A man has died and I’m struggling to process my response to this news. Last night I was woken by a phone call. My Dad was ringing to let me know of this man’s passing and I could sense Dad was trying understand how he should emotionally connect with the news he was providing. How do share such news?
Why should the death of such a man provide me with mixed emotions? It is the paradox of revulsion and sadness. A day has come when a man, who has brought so much pain to so many, has left the earth. He can no longer harm anyone. He can no longer exert his psychological, emotional, sexual and physical bullying. And yet, it is not a time when I feel a sense of elation. Instead it is only sorrow. Sorrow because his death heals nobody. And his death does bring sadness to those that loved him, his death brings confusion to those he has ostracized from their families and his death only leaves more questions.
Faces flash through my memory, faces of people I have loved and those who I still love. Each face scarred by the power that one man had over their life. Within each face I see eyes. Eyes the entry to the person’s soul, and these eyes emanate pain, and the confusion connected to betrayal. Eyes that hold questions never to be answered, for who can answer now?

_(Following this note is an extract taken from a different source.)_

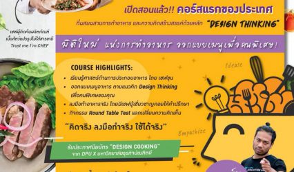 กิจกรรม ครั้งแรกในไทย !!! 29 ก.พ.นี้ DPU X เปิดอบรมหลักสูตร “Design Cooking” EZ Webmaster February 3, 2020 ครั้งแรกในไทย !!! 29 ก.พ.นี้ DPU X เปิดอบรมหลักสูตร “Design Cooking” เอาใจคนรักการทำอาหาร ด้วยการสอนออกแบบเมนูอาหารให้ตอบโจทย์เฉพาะคนพิเศษของคุณ หลักสูตรที่ผสมผสานศาสตร์แห่งการทำอาหารและ หลักคิดของ Design Thinking เข้าด้วยกัน โดยวิทยากรผู้เชี่ยวชาญ เชฟขุน-ขุนกลาง ขุขันธิน เชฟกูรูสายออร์แกนิค ที่เชื่อว่า อาหารดีๆ เปลี่ยนแปลงโลกได้ และ…

Then another series of eyes flash through my mind and heart. Eyes of sorrow and fear combined. These are the eyes of those who still idolize him, even in death. For idolatry often lies in the same bed as fear. These bedfellows fuel each other, for the greater the level of idolatry, the deeper the fear. Fear that perhaps this “worship” is misplaced or the subliminal recognition that by affording a man power he should never have received, you are now too entwined and powerless not to idolize him. There arises a moment when a person recognizes, even for a millisecond, that they have been exploited. And yet, this cannot be accepted. For what can one do other than continue blindly believing and following? The alternative, cognizance that your life has been exploited and you made the choice to allow for this to occur. Only those that make the next choice, to challenge and explode the fear, ever leave the web of this idolatry. But then remnants of the web can remain.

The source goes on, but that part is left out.